PROS1, the homo sapiens protein S gene, (NCBI:5627) is found on chromosome 3 and is known to exist in two major variants: the transcript variant 1 (NM_001314077.2) has an aligned length of 3,468 bp, the CDS length is 2,127 bp resulting in a 708 aa protein. The transcript variant 2 (NM_000313.4) has an aligned length of 3,372 bp, the CDS length is 2,031 bp resulting in a 676 aa protein. This part is designed from the 2,031 bp coding DNA sequence of the homo sapiens PROS1 gene, purposefully leaving out the 14 introns to streamline transcription and avoid undesired alternative splicing transcripts.

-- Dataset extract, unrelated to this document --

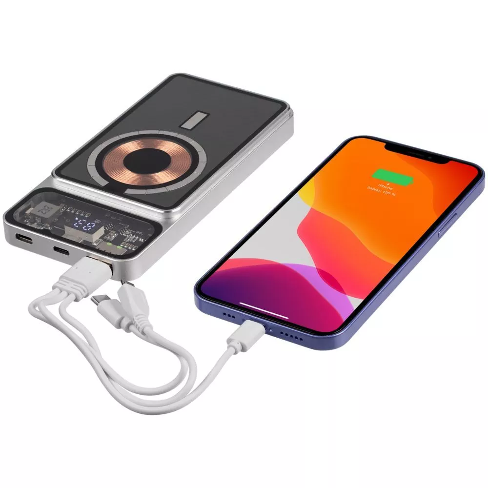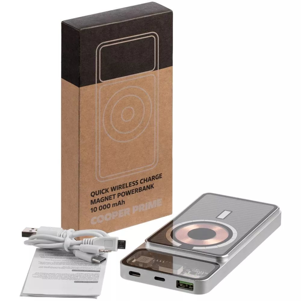 Компактный аккумулятор Cooper Prime — это не только премиальный корпус и притягивающая глаз электронная начинка под стеклом, но и быстрая зарядка QC 3.0 самого аккумулятора, и быстрая (минимум вдвое быстрее обычной) беспроводная зарядка гаджета, а также возможность зафиксировать аккумулятор на задней крышке телефона. На iPhone 12–15 он примагничивается без каких-либо дополнительных приспособлений, а для Android-устройств с беспроводной зарядкой и смартфонов iPhone 8–11 рекомендуем приобрести стикер-адаптер Magmate, чтобы максимально использовать это преимущество.

This gene sequence is also codon optimized for E. coli

LIC protocol:
For transforming both E coli strains we decided to use the expression vector pET His6 (2Bc-T) [1],which contains ampicillin resistance, an IPTG inducible T7 promoter and a C-terminal 6x His tag downstream of the MCS. For cloning our insert into this vector, we used a similar LIC protocol to generate complementary overhangs on the insert and vector for the annealing reaction.
The vector has a LIC site which is acted upon by the restriction enzyme Hpa1 to linearize the vector. LIC exploits the dual polymerase - exonuclease activity of the T4 polymerase. For this LIC reaction, the insert is treated with just dGTPs and T4 polymerase, which chews back the 3’ ends until it reaches a C. Upon reaching a 3’ C, T4 polymerase gets stalled and switches its action to polymerase as it starts constantly adding dGTP. Similarly, the vector is treated with just dCTPs and T4 polymerase. This treatment step produces DNA constructs with 5’ overhangs that can anneal to one another in the final annealing reaction.

LIC forward primer: BBa_K4235035
LIC reverse primer: BBa_K4235036

Source:

The insert sequence was obtained by synthesis from IDT

References:

  • U.S. National Library of Medicine. (n.d.). PROS1 protein S [homo sapiens (human)] - gene - NCBI. National Center for Biotechnology Information. Retrieved August 2, 2022, from https://www.ncbi.nlm.nih.gov/gene/5627
  • Pilli, V. S., Plautz, W., & Majumder, R. (2016). The Journey of Protein S from an Anticoagulant to a Signaling Molecule. JSM biochemistry and molecular biology, 3(1), 1014.